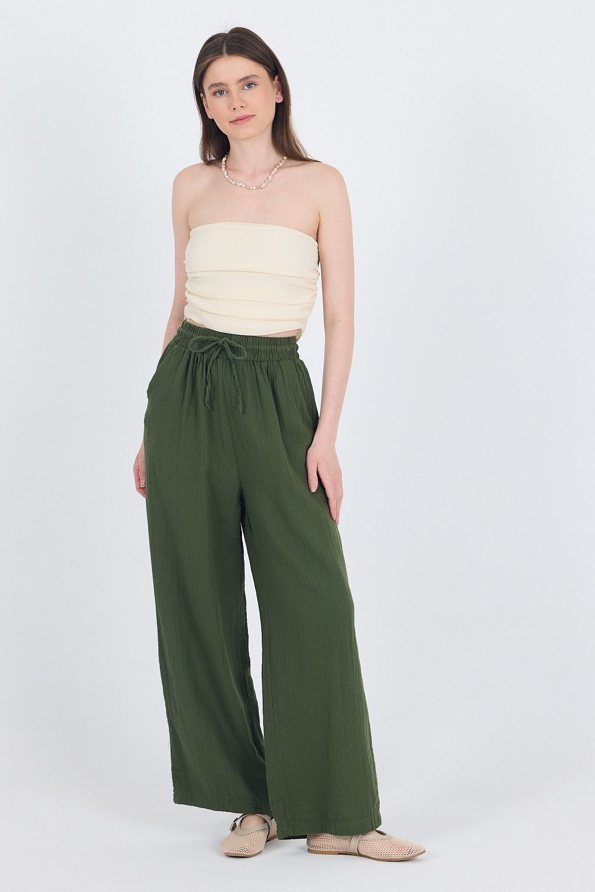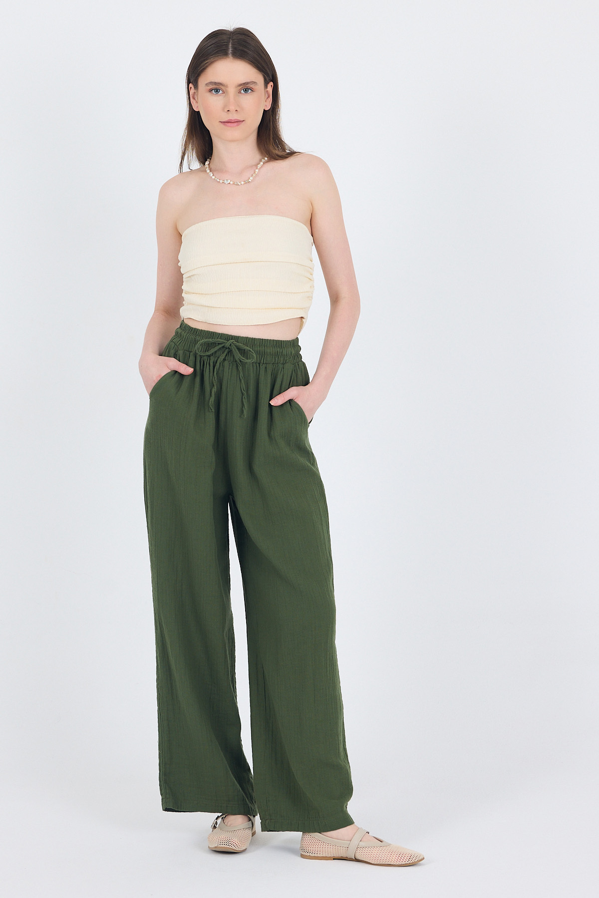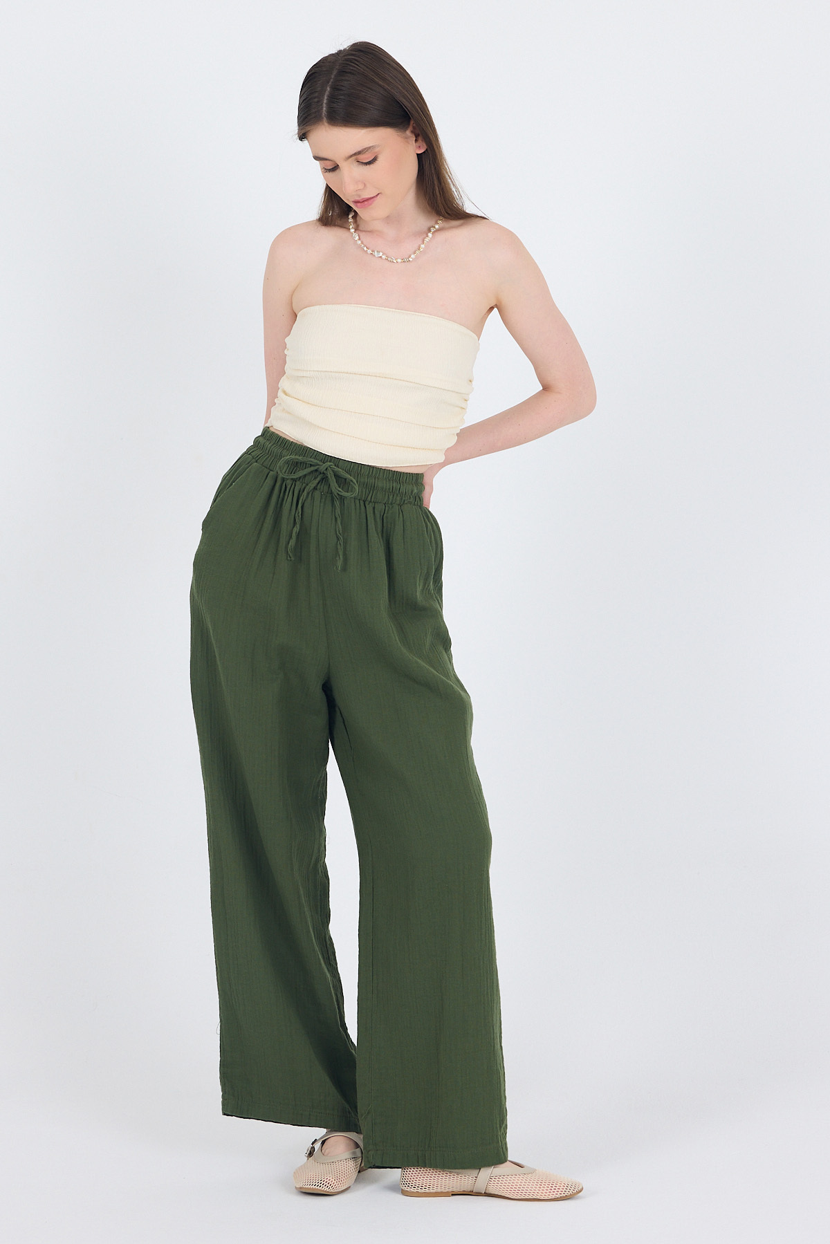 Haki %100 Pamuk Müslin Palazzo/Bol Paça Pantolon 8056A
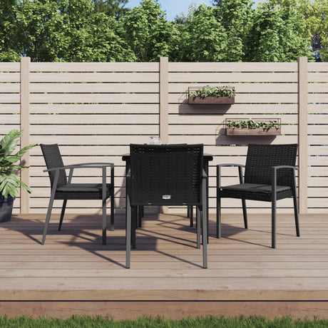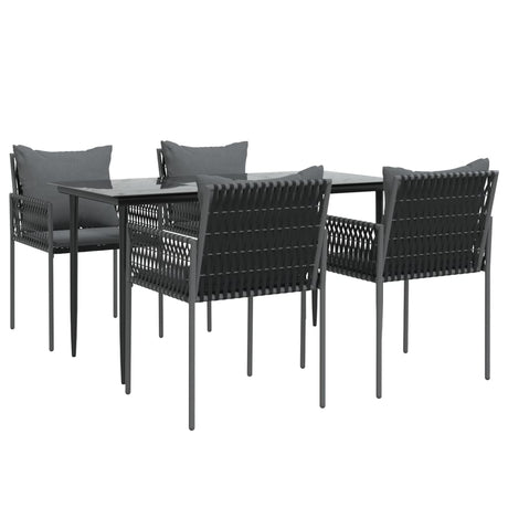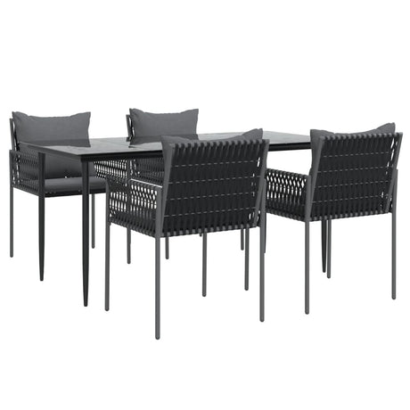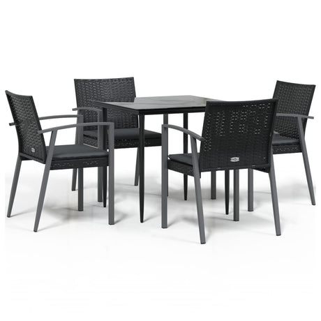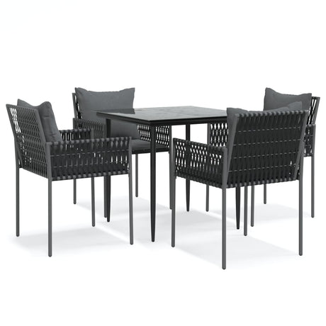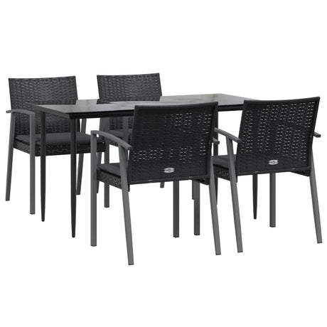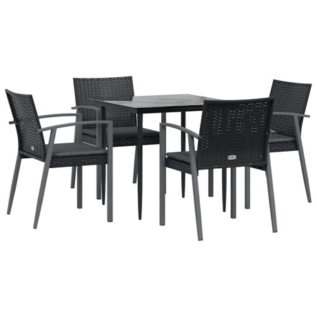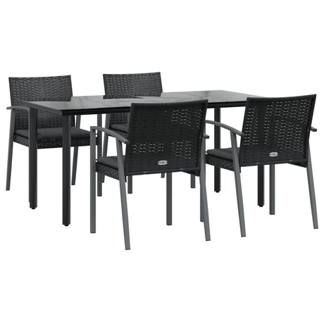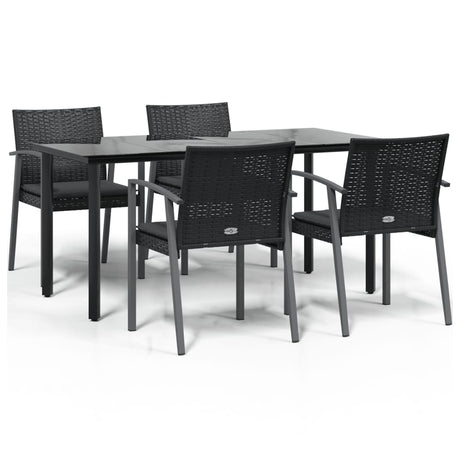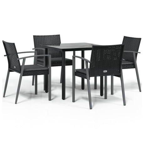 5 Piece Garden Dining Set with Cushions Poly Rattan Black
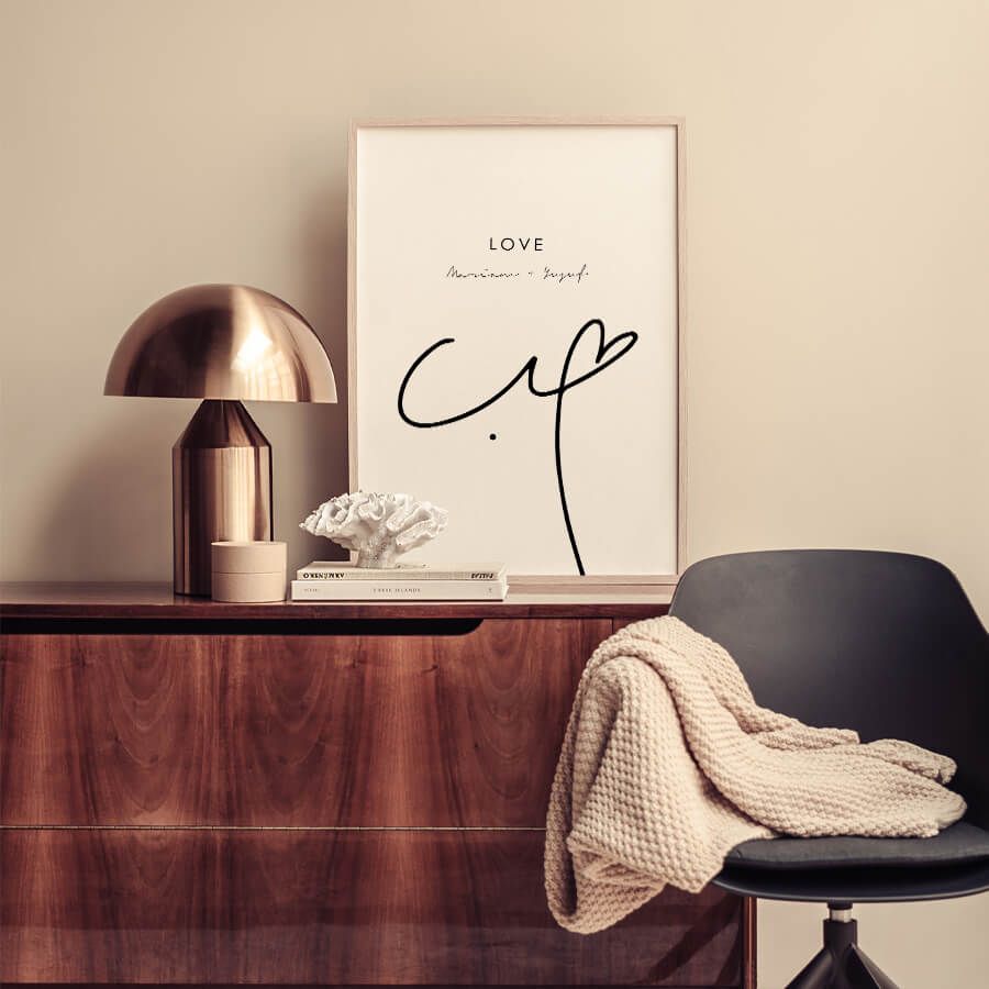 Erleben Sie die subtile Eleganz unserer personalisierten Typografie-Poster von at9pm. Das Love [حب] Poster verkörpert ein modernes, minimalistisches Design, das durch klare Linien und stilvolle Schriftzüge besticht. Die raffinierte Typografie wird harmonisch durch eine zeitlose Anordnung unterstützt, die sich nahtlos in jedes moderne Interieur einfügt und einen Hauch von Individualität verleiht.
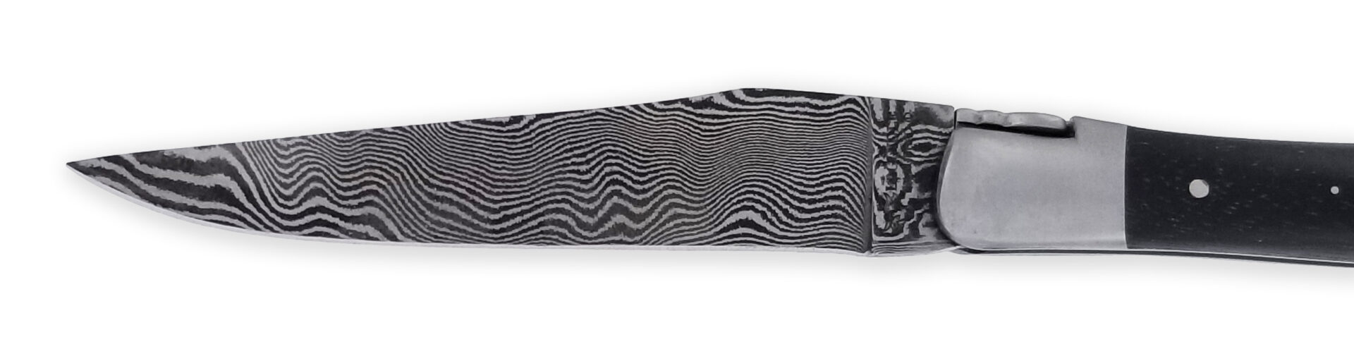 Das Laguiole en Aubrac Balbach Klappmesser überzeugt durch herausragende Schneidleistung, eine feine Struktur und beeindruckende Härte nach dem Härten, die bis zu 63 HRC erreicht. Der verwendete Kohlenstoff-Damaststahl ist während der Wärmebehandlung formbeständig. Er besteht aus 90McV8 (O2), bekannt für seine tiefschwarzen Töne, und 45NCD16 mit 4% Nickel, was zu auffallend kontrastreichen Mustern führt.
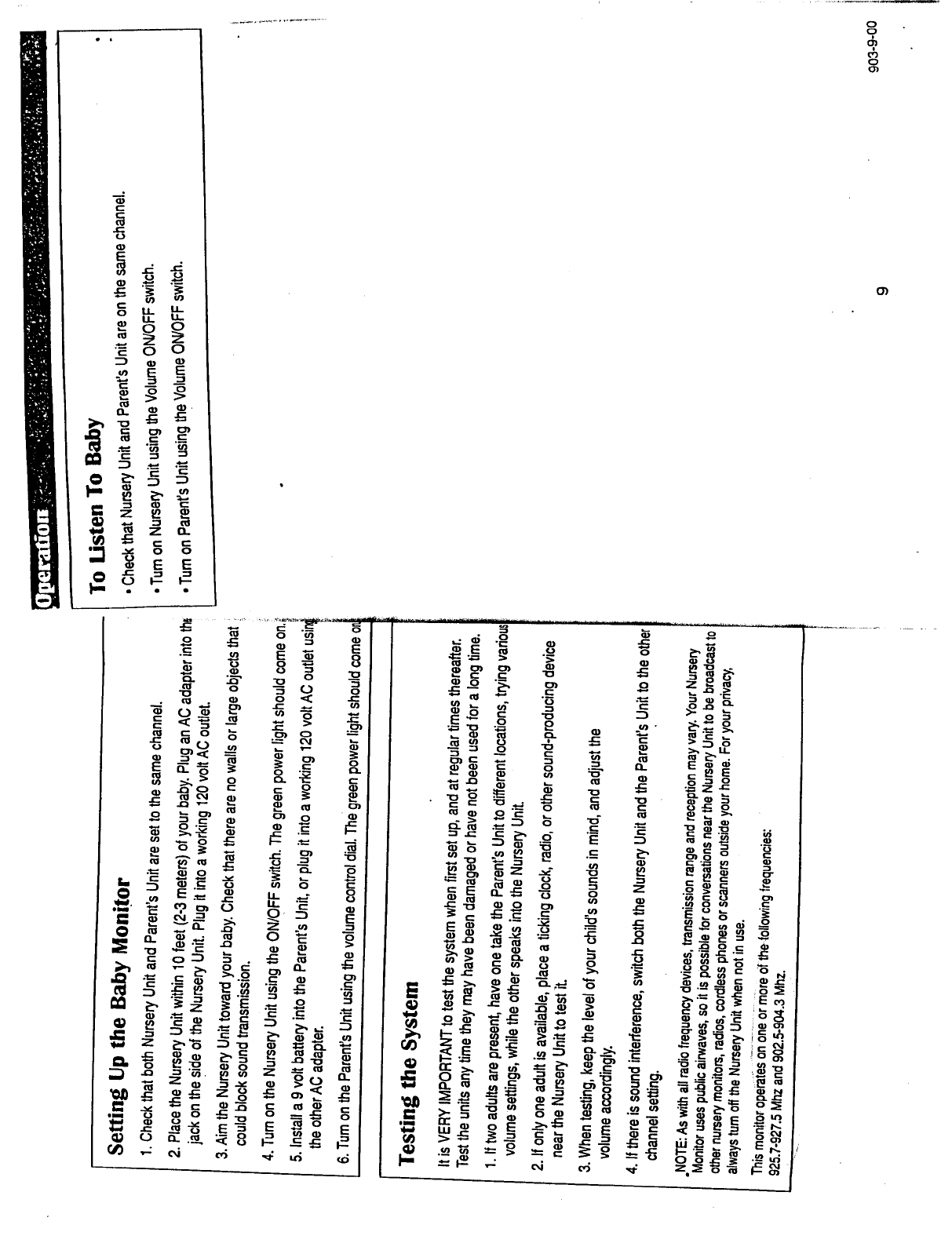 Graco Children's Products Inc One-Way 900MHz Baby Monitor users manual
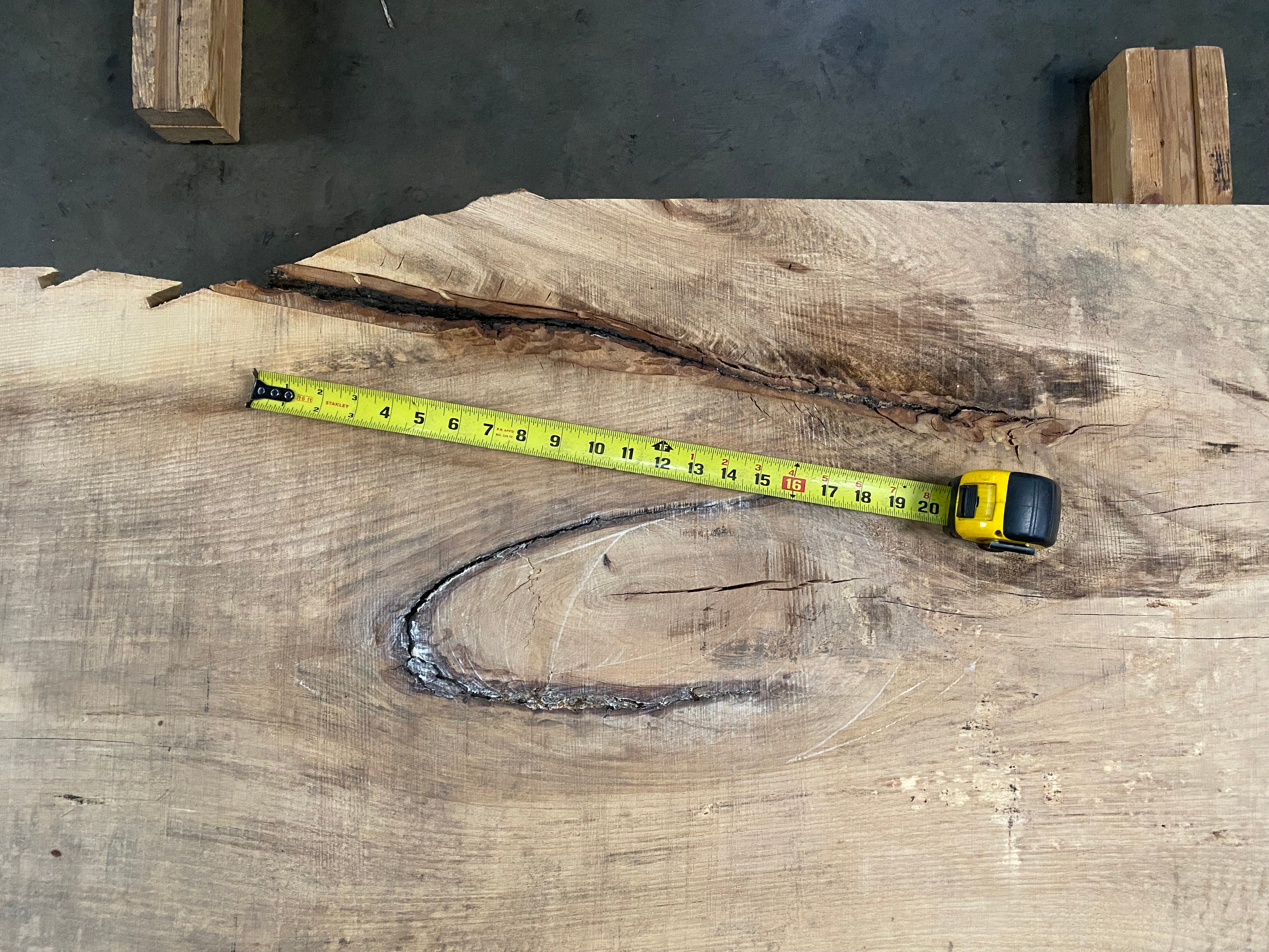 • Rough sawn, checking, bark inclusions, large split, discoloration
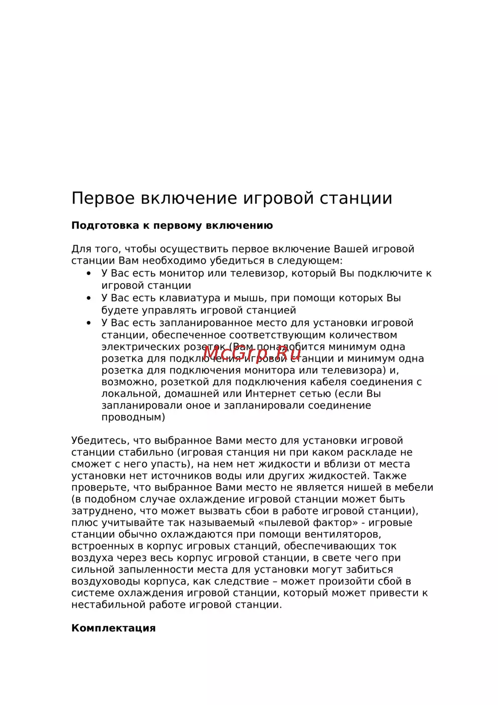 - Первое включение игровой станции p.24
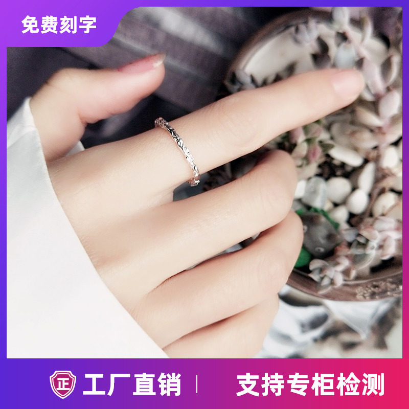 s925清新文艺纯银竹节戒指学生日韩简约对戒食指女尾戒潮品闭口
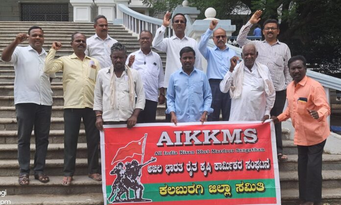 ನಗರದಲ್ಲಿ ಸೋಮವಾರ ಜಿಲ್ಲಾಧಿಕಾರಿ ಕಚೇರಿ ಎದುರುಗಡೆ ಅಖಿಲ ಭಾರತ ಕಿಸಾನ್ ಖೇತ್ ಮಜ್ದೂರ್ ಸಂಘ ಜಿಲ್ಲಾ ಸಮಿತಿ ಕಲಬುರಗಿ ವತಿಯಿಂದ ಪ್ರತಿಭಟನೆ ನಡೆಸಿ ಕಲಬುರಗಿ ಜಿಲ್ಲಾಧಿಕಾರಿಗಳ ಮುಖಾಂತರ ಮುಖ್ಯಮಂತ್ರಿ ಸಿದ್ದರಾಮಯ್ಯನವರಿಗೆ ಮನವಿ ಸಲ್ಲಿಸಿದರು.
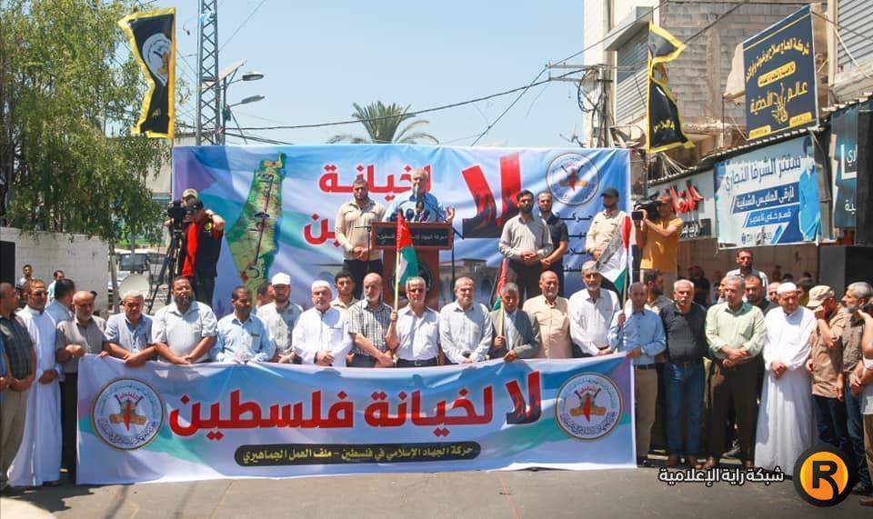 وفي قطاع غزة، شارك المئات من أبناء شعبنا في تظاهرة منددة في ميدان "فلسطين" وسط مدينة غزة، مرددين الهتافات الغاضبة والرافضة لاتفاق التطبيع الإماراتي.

Your task ::
Write out the line that contains "ನಗರದಲ್ಲಿ ಸೋಮವಾರ ಜಿಲ್ಲಾಧಿಕಾರಿ" and every line after it to the end of the data, exactly as they stand. Omit the pictures.

Exercise result ::
 ನಗರದಲ್ಲಿ ಸೋಮವಾರ ಜಿಲ್ಲಾಧಿಕಾರಿ ಕಚೇರಿ ಎದುರುಗಡೆ ಅಖಿಲ ಭಾರತ ಕಿಸಾನ್ ಖೇತ್ ಮಜ್ದೂರ್ ಸಂಘ ಜಿಲ್ಲಾ ಸಮಿತಿ ಕಲಬುರಗಿ ವತಿಯಿಂದ ಪ್ರತಿಭಟನೆ ನಡೆಸಿ ಕಲಬುರಗಿ ಜಿಲ್ಲಾಧಿಕಾರಿಗಳ ಮುಖಾಂತರ ಮುಖ್ಯಮಂತ್ರಿ ಸಿದ್ದರಾಮಯ್ಯನವರಿಗೆ ಮನವಿ ಸಲ್ಲಿಸಿದರು.
 وفي قطاع غزة، شارك المئات من أبناء شعبنا في تظاهرة منددة في ميدان "فلسطين" وسط مدينة غزة، مرددين الهتافات الغاضبة والرافضة لاتفاق التطبيع الإماراتي.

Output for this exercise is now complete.